El anuncio del objetivo de emisión ocurrió en el marco de una nueva alianza, un movimiento que refuerza la idea de que el crecimiento que persigue Invex no depende sólo de “más tarjetas”, sino de tarjetas con un ancla de marca y un ecosistema de beneficios que incentive uso y lealtad.
Métricas y palancas del crecimiento
Para que “ser el 5º emisor” sea medible (y no sólo aspiracional), conviene separar el objetivo en métricas y palancas:
Cómo se mide (métricas que suelen usarse en tarjetas)
– Tarjetas colocadas: plásticos emitidos/entregados.
– Tarjetas activas: tarjetas que registran al menos una compra en un periodo (p. ej., 30–90 días).
– Gasto y transacciones: volumen y frecuencia (lo que sostiene recompensas y rentabilidad).
– Calidad de originación: aprobación vs. mora (crecer sin deteriorar cartera).
Qué lo hace viable (palancas típicas del modelo Invex)
– Distribución vía alianzas (cobrandeo) para adquisición y afinidad.
– Diseño de beneficios que empuje activación (no sólo alta).
– Operación y servicio (onboarding, atención, antifraude) para sostener uso.

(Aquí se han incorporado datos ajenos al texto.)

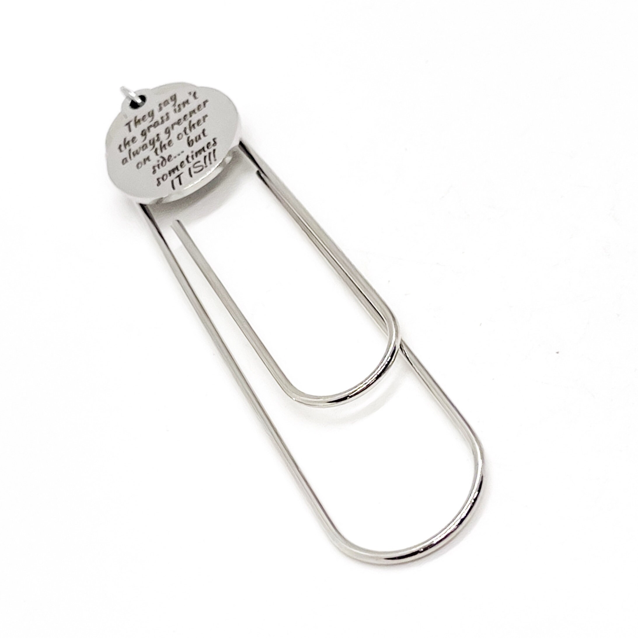 This bookmark has a stainless steel laser engraved charm that says “They say the grass isn’t always greener on the other side... but sometimes IT IS!”.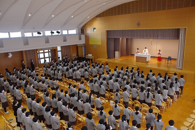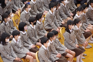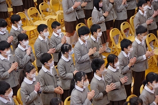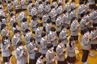 3月14日、6年生は明日に卒業式を控え「卒業感謝 祈りの式」に出席し、5年生と共に祈りのひとときを持ちました。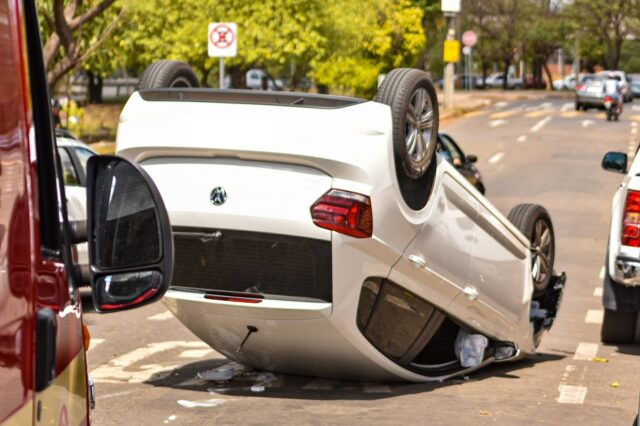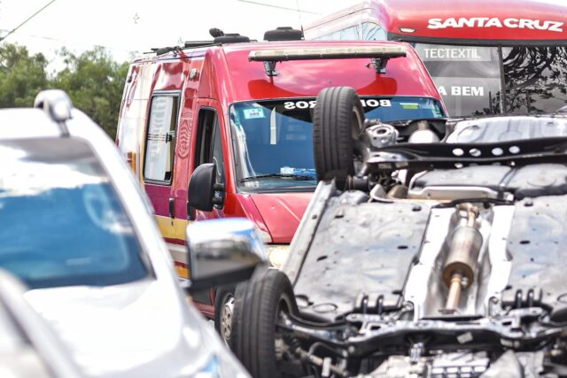 Segundo apuramos no local, um dos carros provocou o acidente ao passar por uma valeta, gerando a colisão e o capotamento.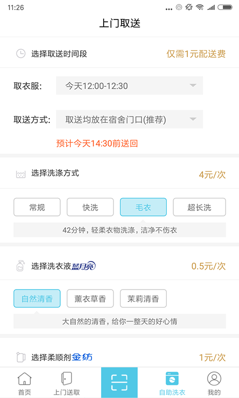 选择洗涤方式、洗衣液、柔顺济、实现预约洗衣、自由选择洗衣配送时间、在线支付,并实时掌控洗衣动态。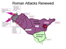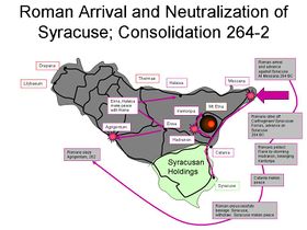 خريطة غرب البحر المتوسط، عام 264 ق.م. روما تظهر باللون الأحمر، وقرطاج باللون الرمادي، وسيراقوسة بالأخضر.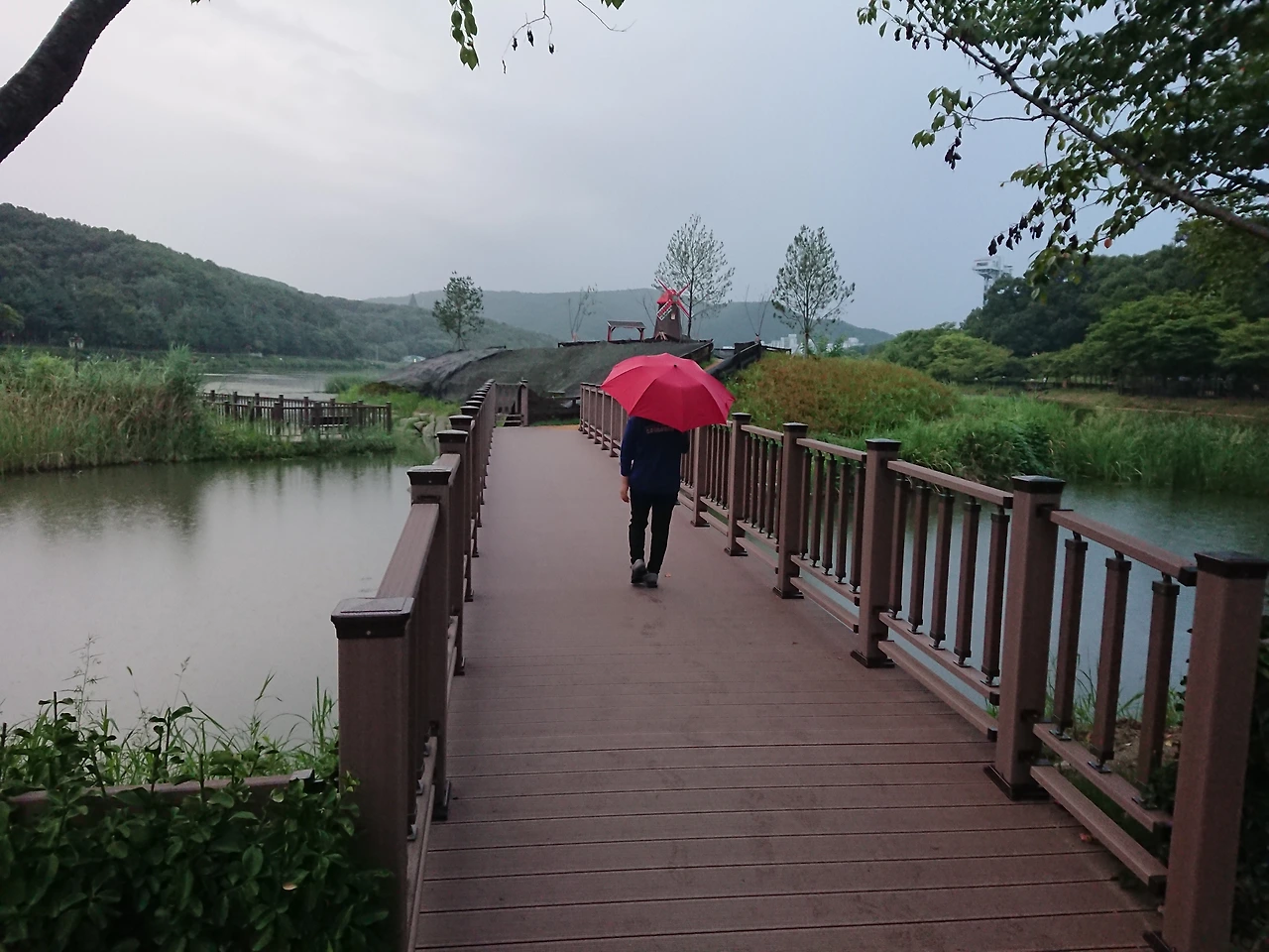 빨간 우산 쓰고 걷는 호반 길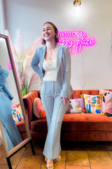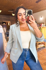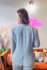 Add a pop of color to your wardrobe with our Pale Blue Single Breasted Blazer. This baby blue blazer is fully lined and features a button closure for a sleek and polished look. Elevate any outfit and make a statement with this eye-catching piece!
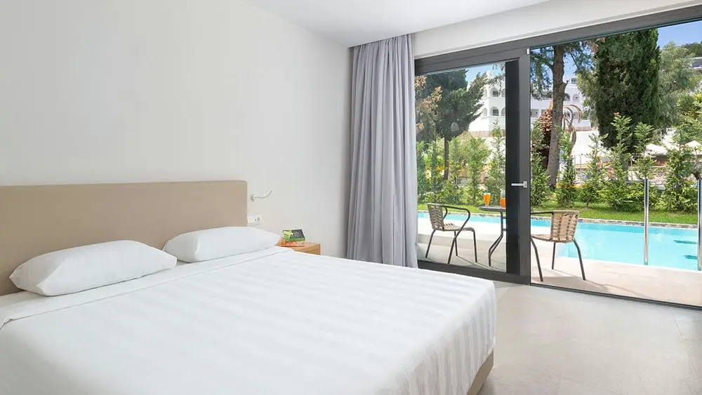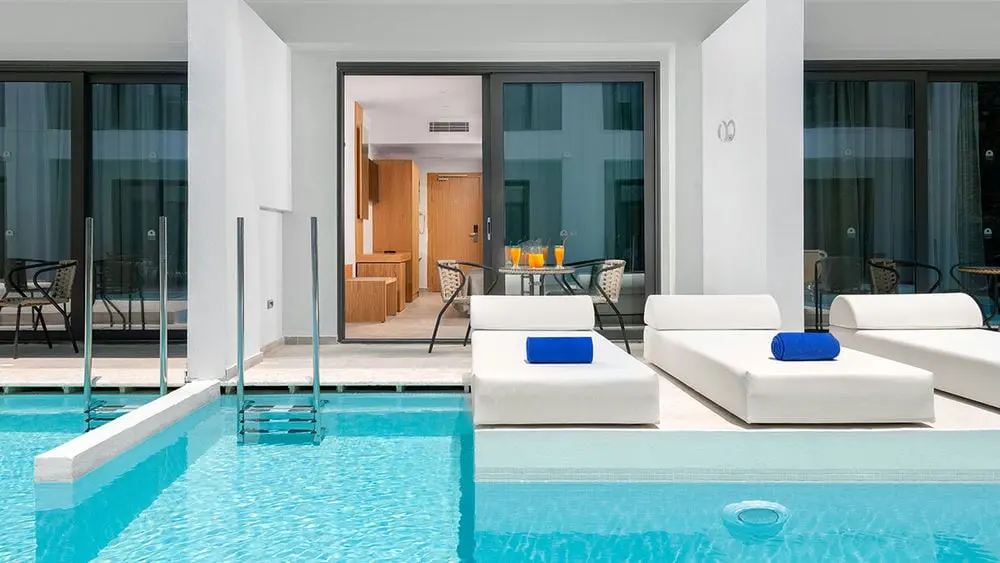 Suite Swim Up - Одна двуспальная кровать и две стандартные односпальные кровати. Состоит из двух комнат и зоны отдыха. Он оформлен в земных тонах и имеет общий бассейн с отдельными шезлонгами.

– Cross-sell desde productos de entrada (como débito) hacia crédito, cuando el perfil lo permite.
Proyecciones de colocación de tarjetas
La proyección de 800,000 tarjetas es el dato que sintetiza la ambición de Invex Banco para escalar posiciones en el mercado mexicano. En términos de estrategia, la cifra sugiere un año de expansión acelerada, donde la colocación no puede depender únicamente de canales tradicionales, sino de alianzas, segmentación y propuestas de valor que conviertan la adquisición en activación: tarjetas que no sólo se entregan, sino que se usan.
En el discurso de Jean-Marc Mercier, el crecimiento está íntimamente ligado a la especialización. Invex insiste en que no ofrece un producto “general”, sino uno diseñado para necesidades específicas. Esa lógica encaja con el tipo de portafolio que el banco ha venido construyendo: cobrandeo con aerolíneas, cadenas de retail y ahora una marca global de hospitalidad. En un mercado donde el plástico compite por espacio en la cartera del usuario, la diferenciación suele venir de beneficios tangibles y de afinidad con marcas que ya tienen frecuencia de compra.
La presentación de las nuevas tarjetas con Hilton Honors funciona como señal de hacia dónde puede empujar el banco su colocación: segmentos con gasto recurrente y aspiracional, donde los programas de recompensas y estatus suelen ser un motor de uso. En paralelo, Invex también opera en el terreno de la inclusión y la captación masiva con productos como Amazon Access, que si bien es una cuenta de débito, amplía la base de clientes y abre la puerta a relaciones financieras más profundas.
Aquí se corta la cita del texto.